■ Your goal
Look through the entries below and copy exactly the part that begins with the line containing "In the middle" and ends with the line containing "Directives Reagan |". Do not copy the pictures.

■ Exercise input
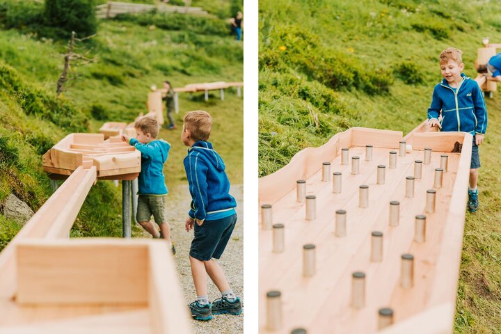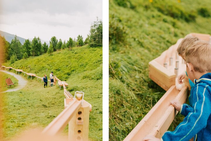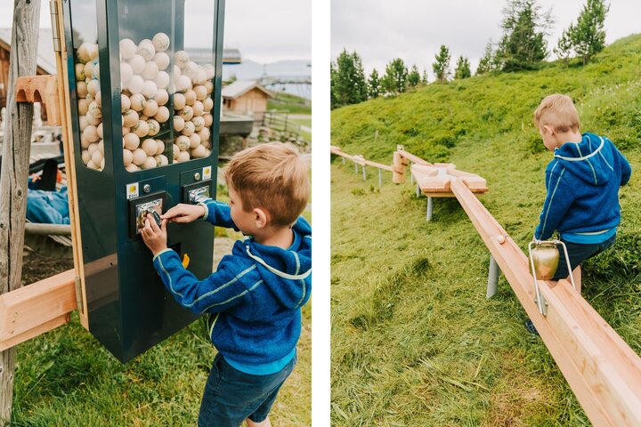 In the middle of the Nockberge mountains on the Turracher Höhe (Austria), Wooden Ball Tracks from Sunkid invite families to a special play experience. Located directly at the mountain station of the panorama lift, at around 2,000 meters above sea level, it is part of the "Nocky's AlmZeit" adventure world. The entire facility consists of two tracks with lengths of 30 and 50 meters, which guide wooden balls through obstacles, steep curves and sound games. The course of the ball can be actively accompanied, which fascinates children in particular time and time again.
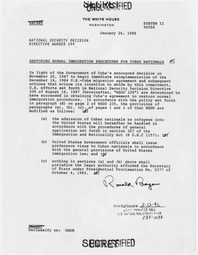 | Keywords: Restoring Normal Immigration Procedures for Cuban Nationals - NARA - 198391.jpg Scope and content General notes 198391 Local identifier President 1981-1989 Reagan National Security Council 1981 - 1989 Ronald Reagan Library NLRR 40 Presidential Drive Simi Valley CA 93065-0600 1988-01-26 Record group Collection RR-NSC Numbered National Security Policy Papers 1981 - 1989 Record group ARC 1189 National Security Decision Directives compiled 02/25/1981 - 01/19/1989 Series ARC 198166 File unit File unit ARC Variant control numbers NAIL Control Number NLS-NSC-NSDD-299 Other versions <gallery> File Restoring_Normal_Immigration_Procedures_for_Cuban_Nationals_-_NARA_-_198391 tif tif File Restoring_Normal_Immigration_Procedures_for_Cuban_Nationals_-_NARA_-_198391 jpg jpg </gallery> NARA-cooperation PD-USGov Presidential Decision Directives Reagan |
* * *
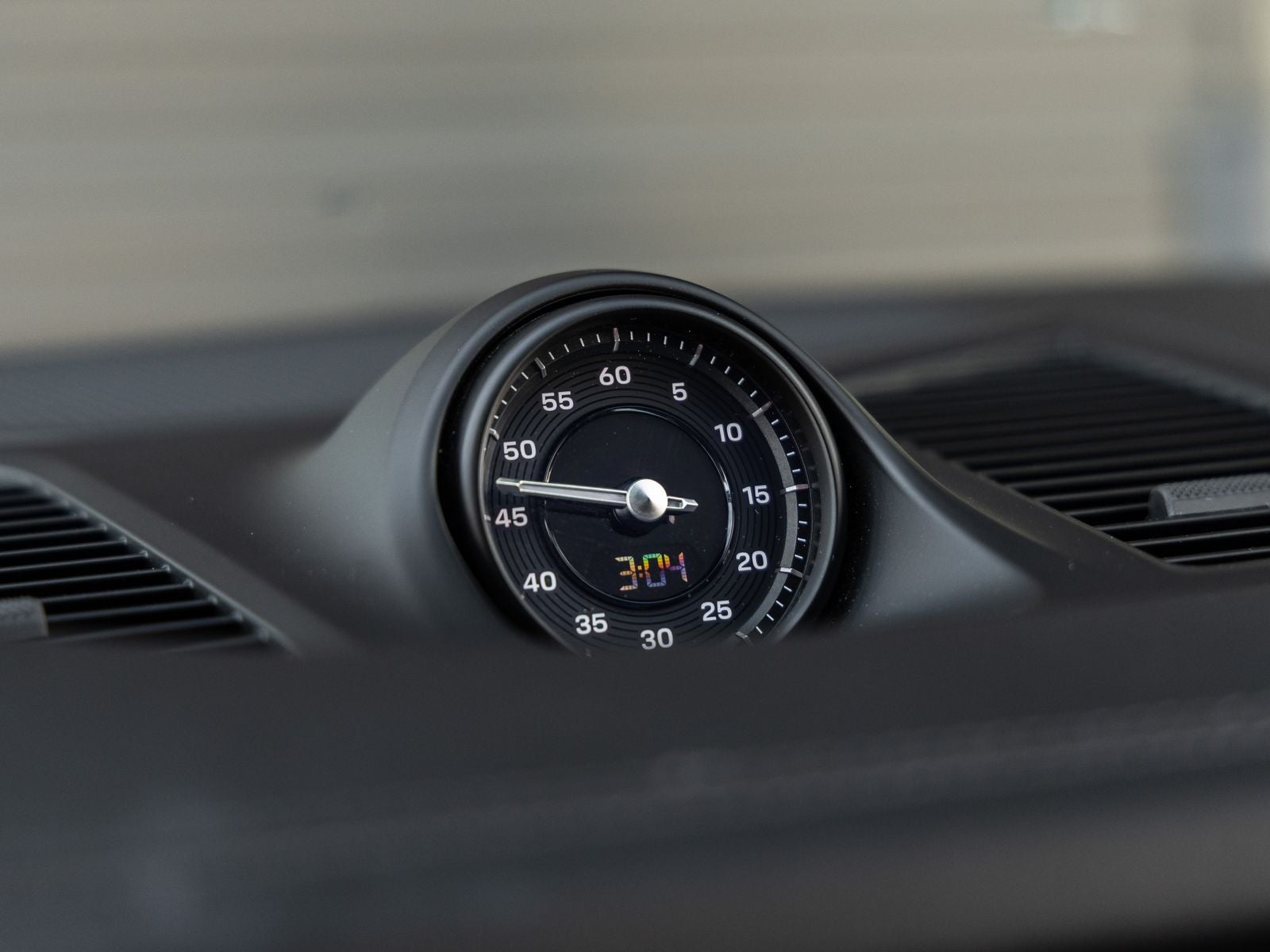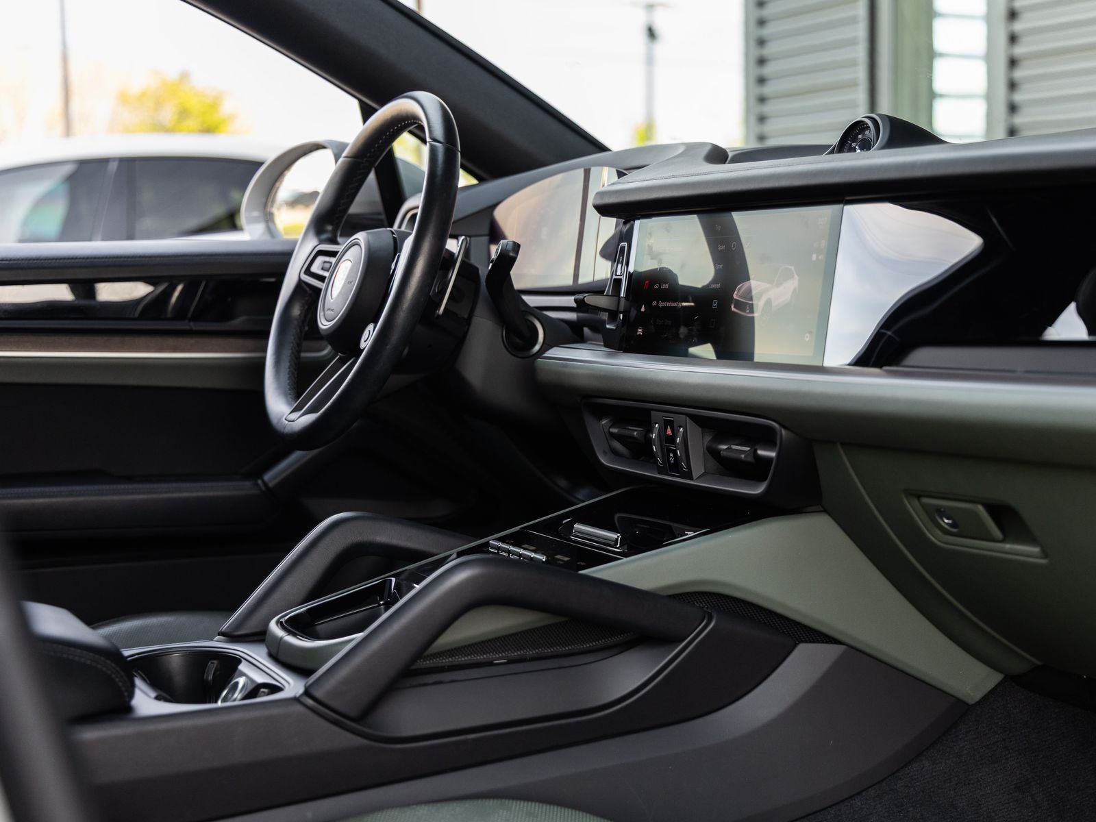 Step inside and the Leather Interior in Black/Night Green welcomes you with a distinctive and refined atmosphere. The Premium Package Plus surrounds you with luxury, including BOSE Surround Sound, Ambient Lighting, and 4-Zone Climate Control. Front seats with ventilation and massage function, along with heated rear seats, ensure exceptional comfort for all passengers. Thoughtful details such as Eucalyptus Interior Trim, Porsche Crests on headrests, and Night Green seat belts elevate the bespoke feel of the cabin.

■ Solution to the problem
 In the middle of the Nockberge mountains on the Turracher Höhe (Austria), Wooden Ball Tracks from Sunkid invite families to a special play experience. Located directly at the mountain station of the panorama lift, at around 2,000 meters above sea level, it is part of the "Nocky's AlmZeit" adventure world. The entire facility consists of two tracks with lengths of 30 and 50 meters, which guide wooden balls through obstacles, steep curves and sound games. The course of the ball can be actively accompanied, which fascinates children in particular time and time again.
 | Keywords: Restoring Normal Immigration Procedures for Cuban Nationals - NARA - 198391.jpg Scope and content General notes 198391 Local identifier President 1981-1989 Reagan National Security Council 1981 - 1989 Ronald Reagan Library NLRR 40 Presidential Drive Simi Valley CA 93065-0600 1988-01-26 Record group Collection RR-NSC Numbered National Security Policy Papers 1981 - 1989 Record group ARC 1189 National Security Decision Directives compiled 02/25/1981 - 01/19/1989 Series ARC 198166 File unit File unit ARC Variant control numbers NAIL Control Number NLS-NSC-NSDD-299 Other versions <gallery> File Restoring_Normal_Immigration_Procedures_for_Cuban_Nationals_-_NARA_-_198391 tif tif File Restoring_Normal_Immigration_Procedures_for_Cuban_Nationals_-_NARA_-_198391 jpg jpg </gallery> NARA-cooperation PD-USGov Presidential Decision Directives Reagan |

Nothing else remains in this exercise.